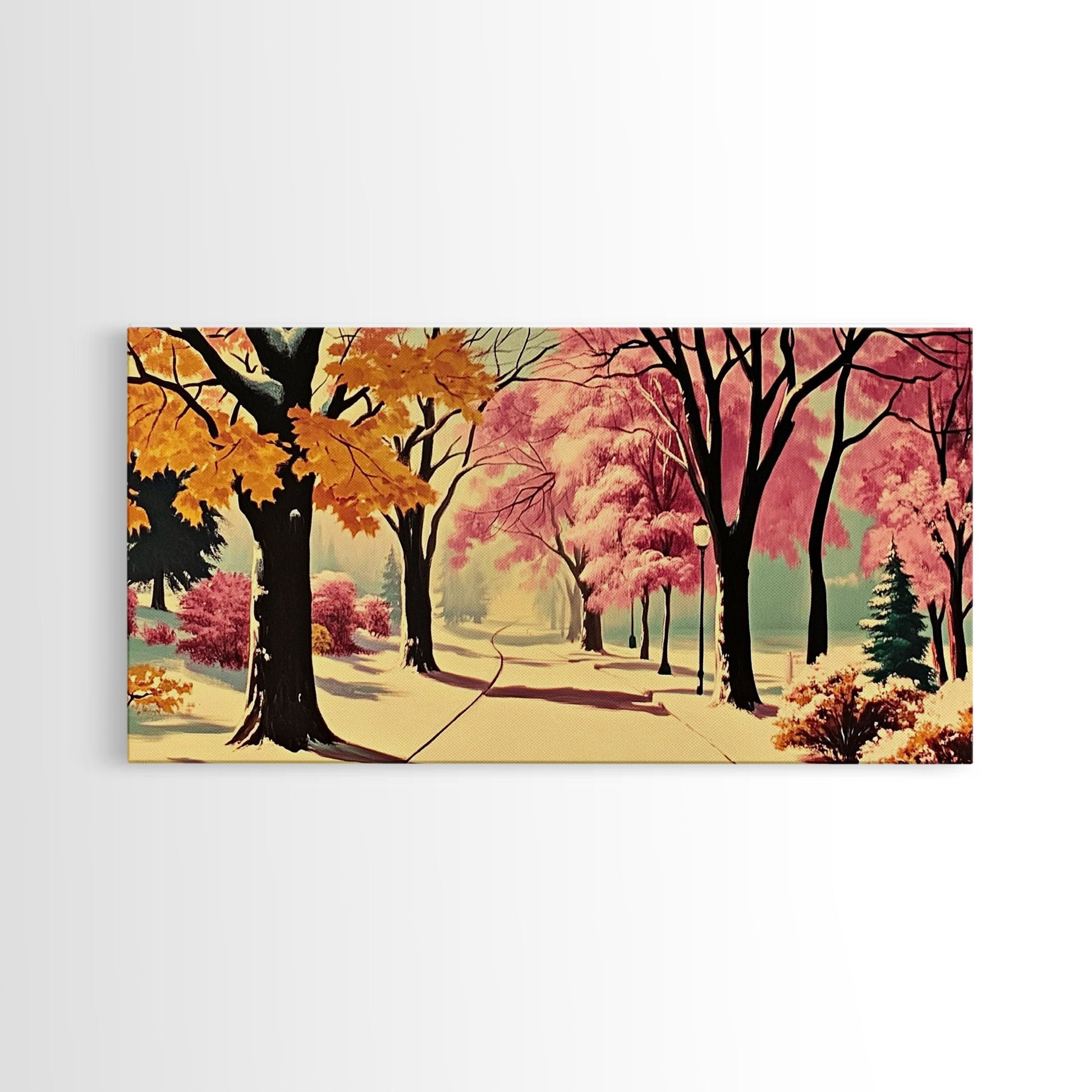 Autumn Park Path Framed Canvas Print, Warm Fall Trees and Pathway Wall Art, Seasonal Fall Home Decor, Farmhouse Gift Idea, Holiday Wall Art
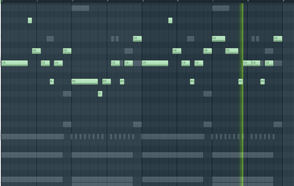 So to kick things off I made a little 8 bar loop and wrote the melody which I will be singing over it(played by the piano)
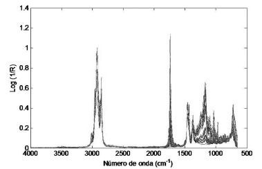 ![]() Figura 3. Conjunto de espectros de infravermelho de todas as amostras
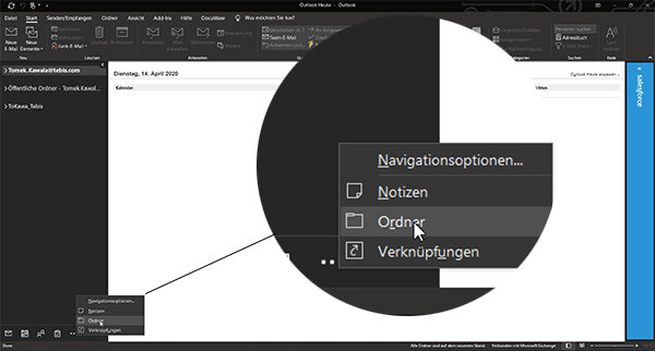 Sollten lokale Kalender mit Freigabe verwendet werden, muss die entsprechende E-Mail-Adresse des Kontos hinterlegt sein.
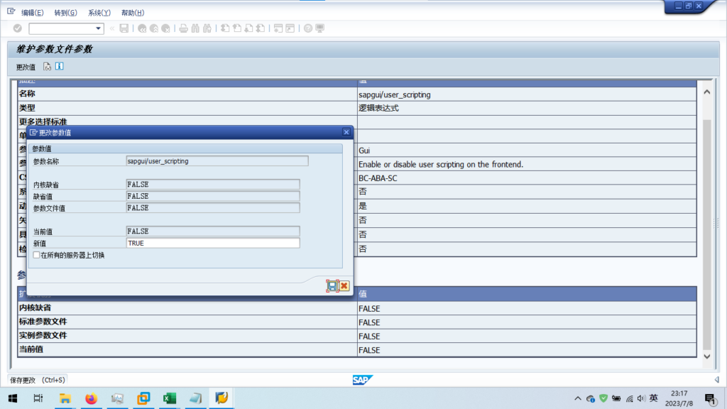 第三步: 选择更改值按钮,新值改为TRUE,并保存(可能是临时改动),如上图
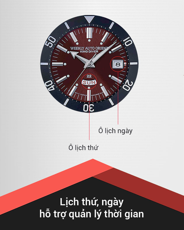 - Đồng hồ được trang bị lịch thứ và lịch ngày tiện dụng giúp bạn làm chủ thời gian của mình

Task goal - Through to the final line, copy the material above exactly and skip the images.

Task result -
 Autumn Park Path Framed Canvas Print, Warm Fall Trees and Pathway Wall Art, Seasonal Fall Home Decor, Farmhouse Gift Idea, Holiday Wall Art
 So to kick things off I made a little 8 bar loop and wrote the melody which I will be singing over it(played by the piano)
 ![]() Figura 3. Conjunto de espectros de infravermelho de todas as amostras
 Sollten lokale Kalender mit Freigabe verwendet werden, muss die entsprechende E-Mail-Adresse des Kontos hinterlegt sein.
 第三步: 选择更改值按钮,新值改为TRUE,并保存(可能是临时改动),如上图
 - Đồng hồ được trang bị lịch thứ và lịch ngày tiện dụng giúp bạn làm chủ thời gian của mình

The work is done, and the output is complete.